Despite the language of the ED guidance, it appears that the Department’s decision and subsequent FAQ document has at least made more explicit its requirement that institutions report any transactions between a trustee, administrator or the family members of a trustee or administrator, as well as a financial institution that has provided a current or future source of funds to the institution, as transactions between related parties. Moreover, Federal Student Aid’s guidance reinforces that:
[The Department] expects an institution to have a system of internal controls that is adequate to provide reasonable assurance about an institution’s compliance with the Department’s regulations, including the existence of related party relationships and transactions, as well as being able to identify the related parties. The institution’s internal controls must be sufficiently rigorous to provide for reasonable assurance that, when an institution’s financial statements include that it has disclosed all of its related party transactions or that it has no related party transactions, the disclosure is complete and accurate.
The revised regulations are in effect and will govern annual reports to ED concerning the use of their Title IV funds. Because there is still lingering uncertainty regarding the scope of disclosure, we recommend that institutions review their conflict of interest policies and consult with their accountants and legal counsel to assess current reporting practices and implement any additional procedures to ensure compliance.

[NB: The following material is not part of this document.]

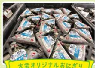
大会オリジナルおにぎり
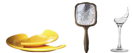
ਸਿਰੇਮਿਕ ਅਤੇ ਕੱਚ ਦਾ ਸਾਮਾਨ

If you have any questions or concerns related to disclosure requirements of institutions of higher education please contact Thomas W. Simcoe, Delaney M. R. Knapp or the attorney at the firm with whom you are regularly in contact.
[1] Federal Student Aid, Disclosure of Related Party Transactions in Financial Statements (Oct. 31, 2024), available at: https://fsapartners.ed.gov/knowledge-center/library/electronic-announcements/2024-10-31/disclosure-related-party-transactions-financial-statements.
[2] Note that the regulations appear use “related party” and “related entity” interchangeably.
[3] U.S. Department of Education, Financial Responsibility Regulations—Questions and Answers FR-Q20 (Oct. 31, 2023), available at Financial Responsibility Regulations - Questions and Answers | U.S. Department of Education.
[4] ASC 850-10-20 defines “Management” as “Persons who are responsible for achieving the objectives of the entity and who have the authority to establish policies and make decisions by which those objectives are to be pursued. Management normally includes members of the board of directors, the chief executive officer, chief operating officer, vice presidents in charge of principal business functions (such as sales, administration, or finance), and other persons who perform similar policy making functions. Persons without formal titles also may be members of management.”
[5] U.S. Department of Education, Financial Responsibility Regulations—Questions and Answers (Oct. 31, 2023), available at Financial Responsibility Regulations - Questions and Answers | U.S. Department of Education.